Book Review: Tales of Tharassas

Title: Tales of Tharassas 

Author: J. Scott Coatsworth 

Date: 2023 

Publisher: Other Worlds Ink 

Quote: "Why is your skin so light?" 

In a far-off future humans have colonized a few other planets. One of them is Tharassas, whose indigenous populations include animals called emps that ride around on their humans and observe what others are feeling about them. 

 You might think that this would make it easier for people to get along with each other. You'd be wrong. The population of Tharassas are descendants of a group of Earth people who rejected enforced "diversity" guidelines so you know they're vicious White racists... Sigh. It is possible to write good stories that happen to express fashionable, politically correct, ideas but it's all too easy for p.c. thinkers to crank out political tracts that express nothing but p.c. ideas, and that's what Tales of Tharassas is. The identity politics that are so tedious today, according to this book, will never end. How discouraging. 

There's a story about race hate, during the stage when people on supply ships from earth are hailed as "angels" so a little Black boy gets to see his grandfather as an "angel," and a story about lesbians who don't get to become a couple, and a story about homosexual men who get to be a couple briefly, and that's all there is to this book. 

And of course socialism is taken for granted. Farmers live on land granted to them by the government, not land they've claimed by agreement with their fellow colonists. Is that the problem? In a more libertarian fantasy series, the author had written ten or eleven volumes about the world he'd invented before someone complained that no one in it seemed to be Black. Actually most characters weren't described and many weren't human...anyway the author promptly brought in a lot of Black Americans and led them to a likely spot for a new human settlement, near a lake that featured a population of alligator-like creatures called chobees. Their local guides asked someone in the settlement on the other side of the lake, "Would you like to see more humans across the lake from you?" They would, their spokesman said. "Do you care what color they are?" After some thought their spokesman said "We might prefer that they not be green, to avoid confusion with the chobees." When people are free to take responsibility for their own lives, do the ones who are not trying to coexist with alligators care whether their neighbors' faces are green? 

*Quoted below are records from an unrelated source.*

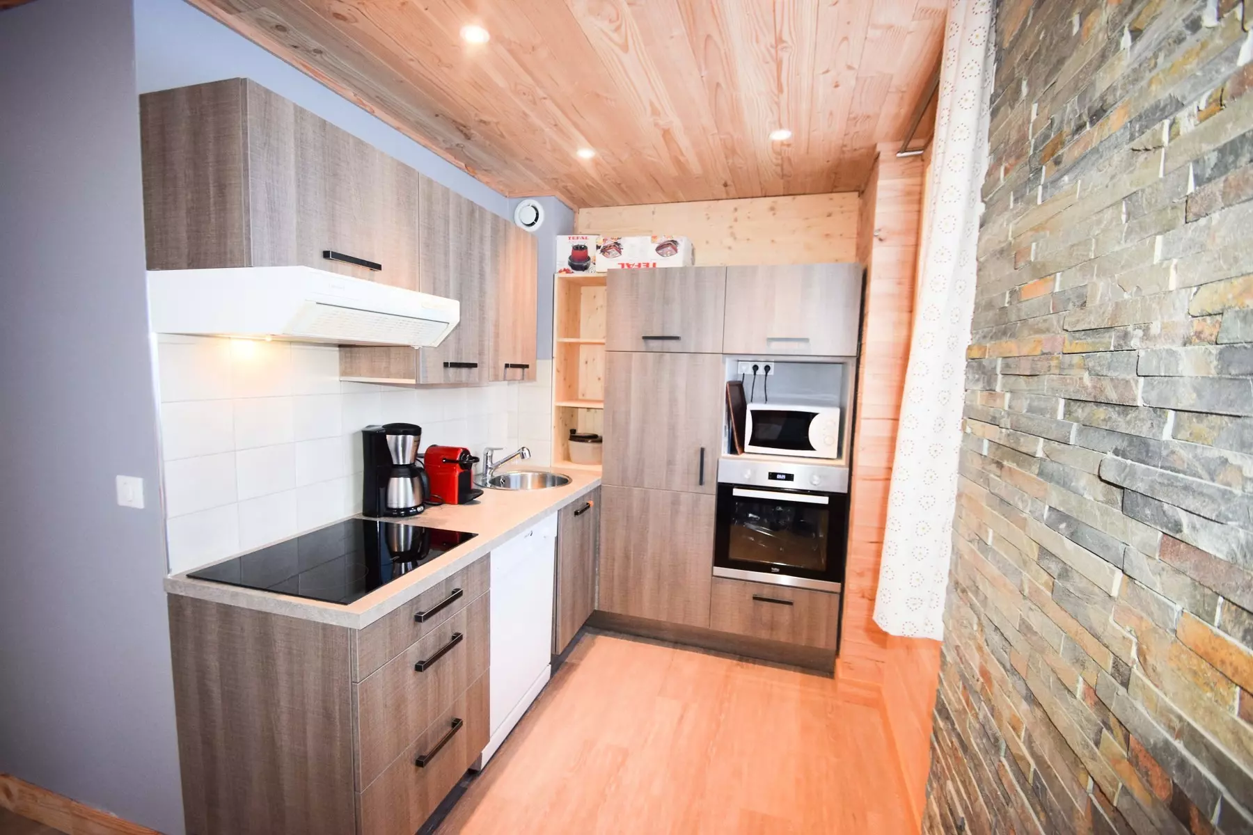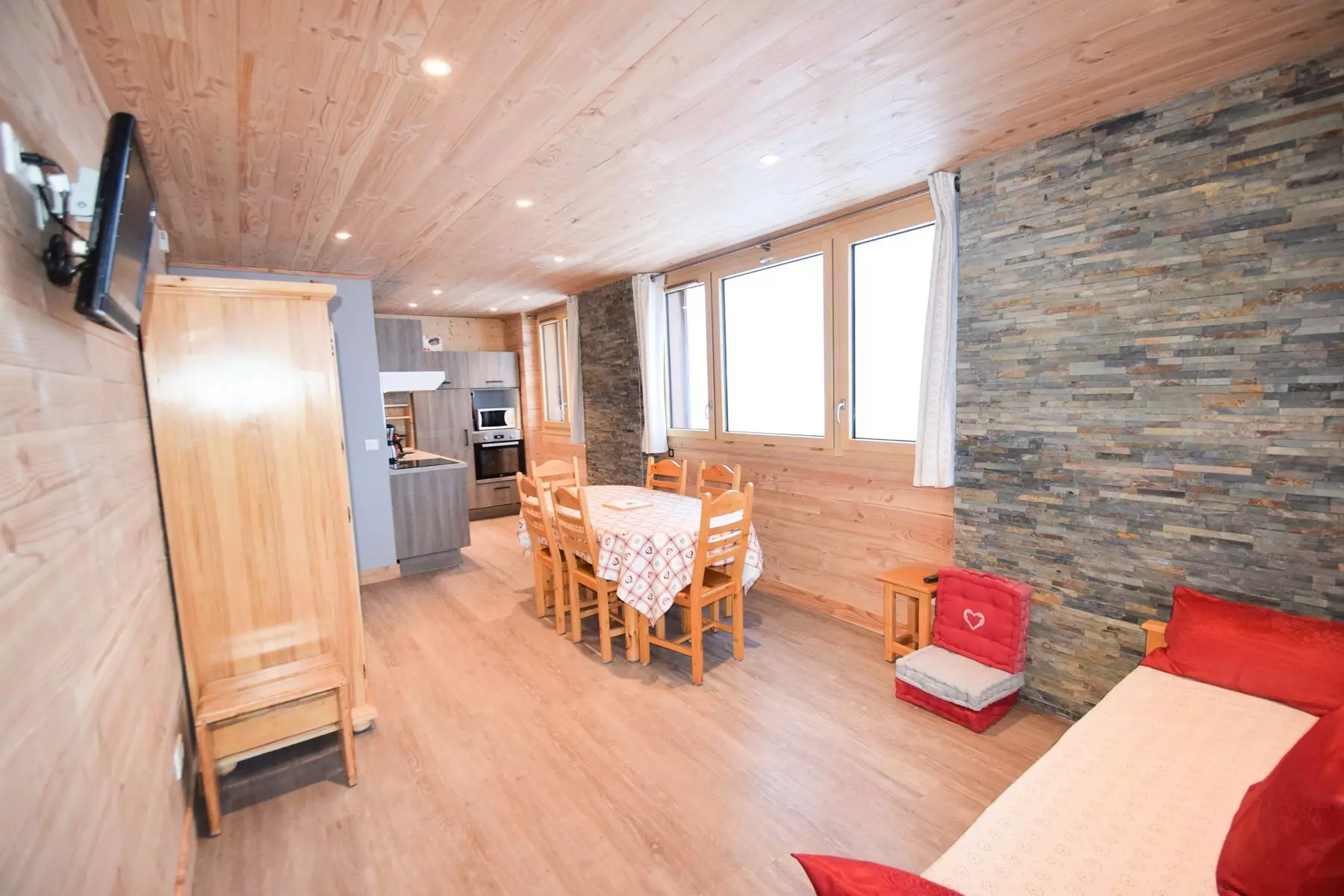 2-room apartment + cabin for 6 people, 40m2, facing SOUTH with balcony, view of the slopes, 6th floor with elevator. American kitchen: 3 induction hobs, refrigerator, traditional oven, dishwasher, electric coffee maker. Living room: 2 single pull-out beds, television. Cabin area with window: 2 bunk beds - Bedroom: 1 double bed. Bathroom: shower, heated towel rail, separate WC. Washing machine Very bright apartment, facing south and bay windows on 2 sides: SOUTH for the large balcony, and EAST with a beautiful view of Mont Blanc. Ski locker No. 605 on the ground floor. Residence located in the heart of the resort, connected to the shops by the gallery. Bedding: duvets - Non-smoking apartment
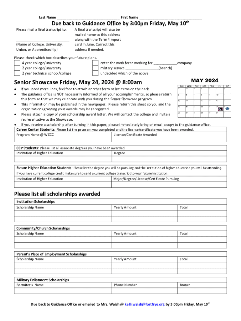 Last Name ___ First Name ___ thDue back to Guidance Office by 3:00pm Friday, May 10Please mail a final transcript to: ___ (Name of College, University, Union, or Apprenticeship)A final transcript
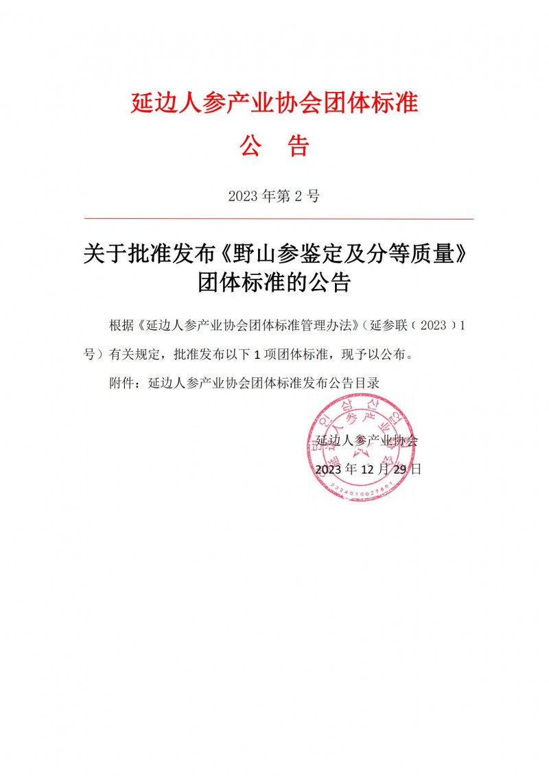 根據(jù)《延邊人參產(chǎn)業(yè)協(xié)會(huì)團(tuán)體標(biāo)準(zhǔn)管理辦法》(延參聯(lián)﹝2023﹞1號(hào))有關(guān)規(guī)定,批準(zhǔn)發(fā)布以下1項(xiàng)團(tuán)體標(biāo)準(zhǔn),現(xiàn)予以公布。
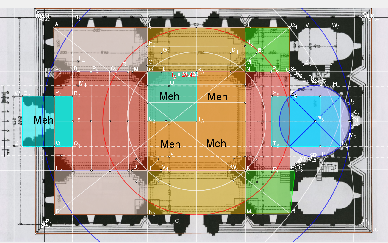 En bleu, le grand cercle determine donc la largeur de l'édifice, il a pour diamètre la distance donnée par 20 modules surface !
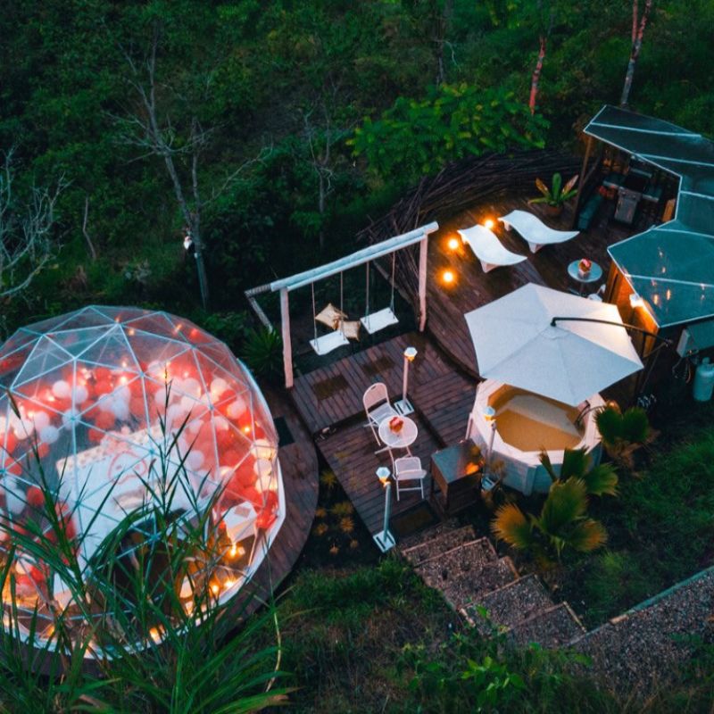 Vive una experiencia única en medio de la naturaleza sin renunciar a la comodidad. Este glamping está diseñado para quienes buscan aventura y descanso al mismo tiempo: una carpa tipo domo con cama doble, baño privado y una terraza con vista privilegiada al cielo nocturno.
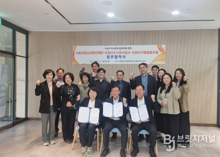브릿지저널 김경미 기자 | 수원시 도서관사업소와 수원시청소년청년재단, 수원시서점협동조합이 지역 독서문화 활성화와 시민 독서활동 증진을 위해 협력하기로 했다.
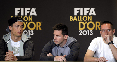 وحصد رونالدو 1365 صوتاً، بينما حصل نجم برشلونة، ليونيل ميسي، على 1205 أصوات، وحصل ريبيري على 1127 صوتاً.
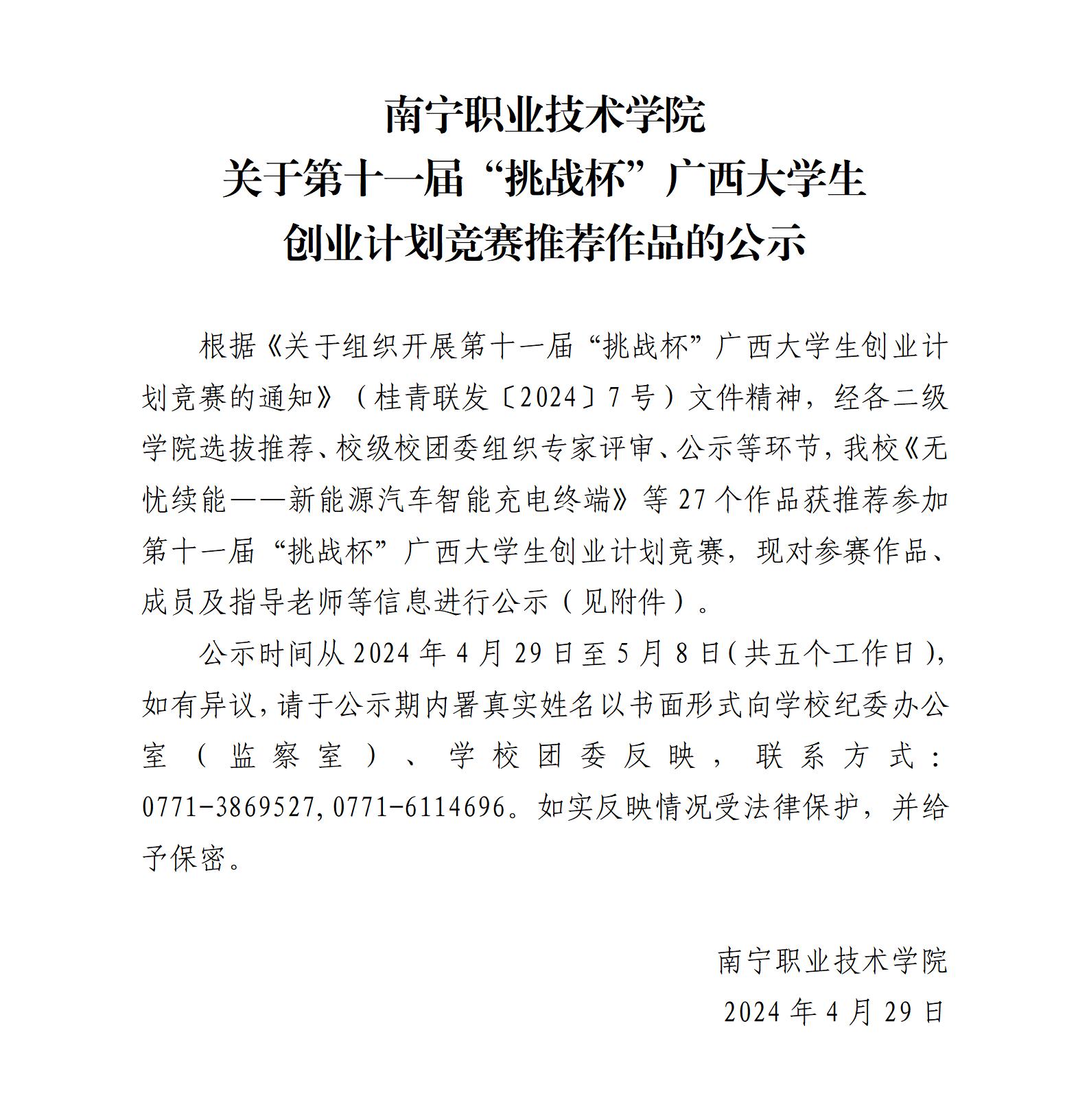 南宁职业技术学院关于第十一届“挑战杯”广西大学生创业计划竞赛推荐作品的公示
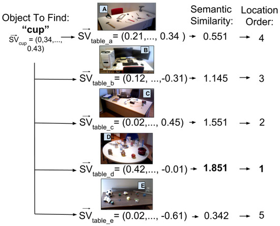 Once the user of the system wants to find an object with label , the semantic vector representation of the label is computed using the learned skip-gram model. Afterwards, the Semantic Similarity to each container c is calculated as the cosine distance (dot product) of the representation of the label and the semantic vector of the container (see Equation (5)). The higher the value obtained, the better result and the closer, semantically, the object searched is to an object container.
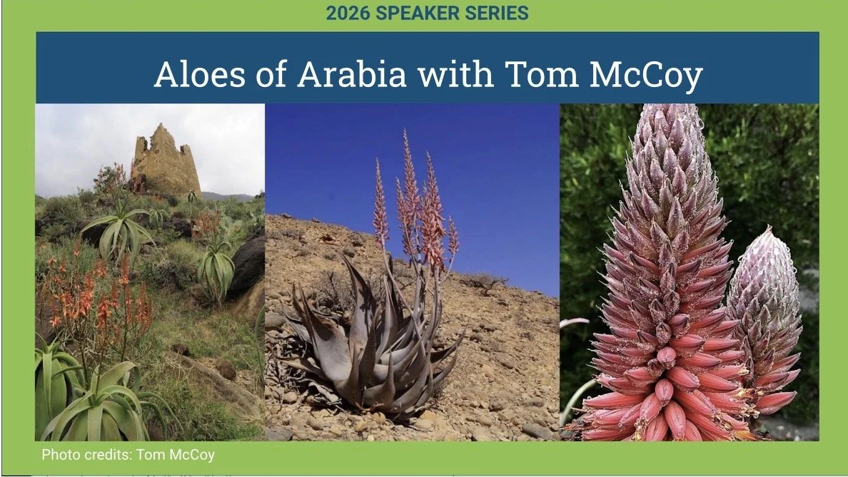 Tom McCoy, born in Long Beach, California, developed a deep passion for natural history from a young age, collecting fossils, seashells, reptiles, birds, and plants. His love for botany led him to travel extensively across Asia, Africa, the Americas, Arabia, and Madagascar. For over 30 years, McCoy has lived in Saudi Arabia, balancing his career with a focus on the genus Aloe. He has published extensively on the subject, naming over 50 species, wrote the book The Aloes of Arabia, and maintains one of the world’s largest documented live collections of Aloe. McCoy is also an accomplished aviculturist and bibliophile. He is a Fellow of the Linnean Society of London and holds memberships in numerous scientific organizations, including the American Society of Plant Taxonomists and the Botanical Society of America. Tom will be speaking about the aloes native to the Kingdom of Saudi Arabia and his personal experiences with them.
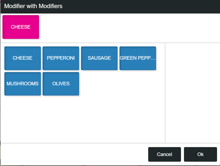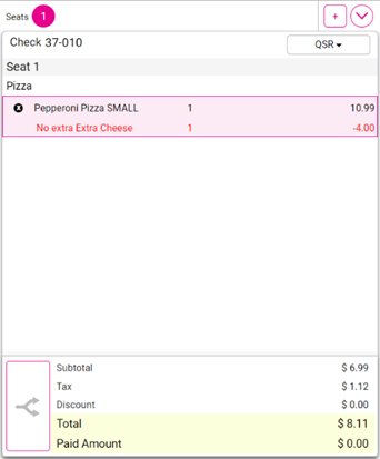 Upon clicking on any check number, in the drill down table the Parent Modifier Configuration will be reflected in Net Sale amount and tax need to be calculated based on the price and tax configured in BO. Also, the menu item and its Parent Modifier Configuration should be reflected in drill down table.
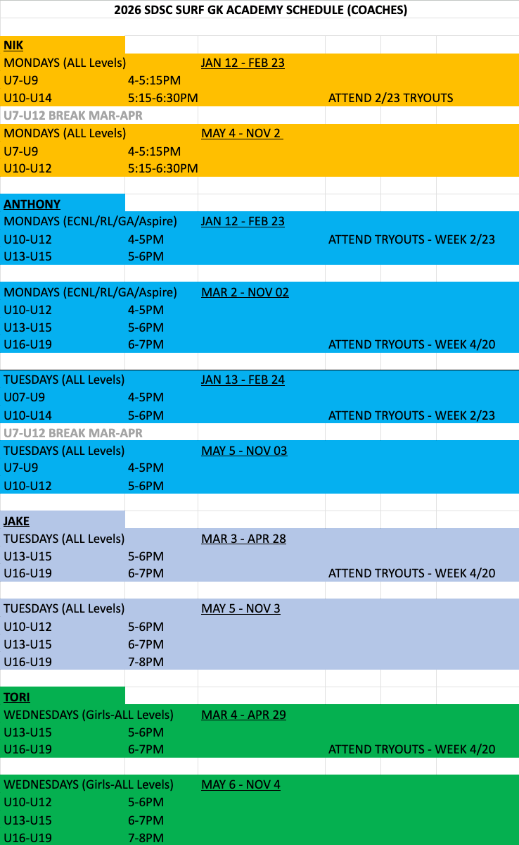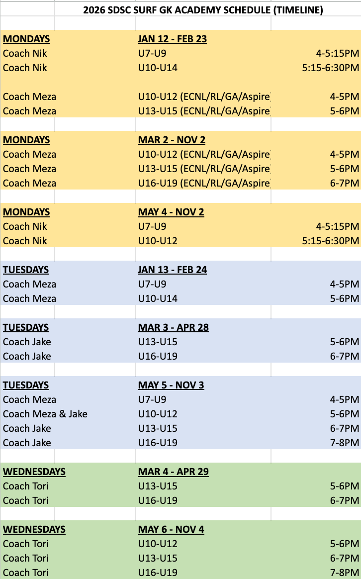 Contact: Goalkeeping Director Anthony Meza, 858-776-0403 or a.meza@sdscsurf.com

Coatsworth isn't young but neither does he seem to be old enough to be excused for writing stories that imagine that political debates that are really behind most of humankind in 2023 might be forgotten by the year 2400. It's like reading fiction from the year 1700 in which the writer expected Barbados to be a penal colony for Britain and the other British colonies in 2023 and imagined that slaves would still be needed to tan the hide to make buggy whips. 

"Did you love these stories? Click to buy more," a link in the e-book shamelessly advertises. I did not love the stories. Tharassas is a relatively appealing science fiction planet, with sentient plants and three-winged birds; too bad the best thing to be said for its population is that they make real human beings look nice.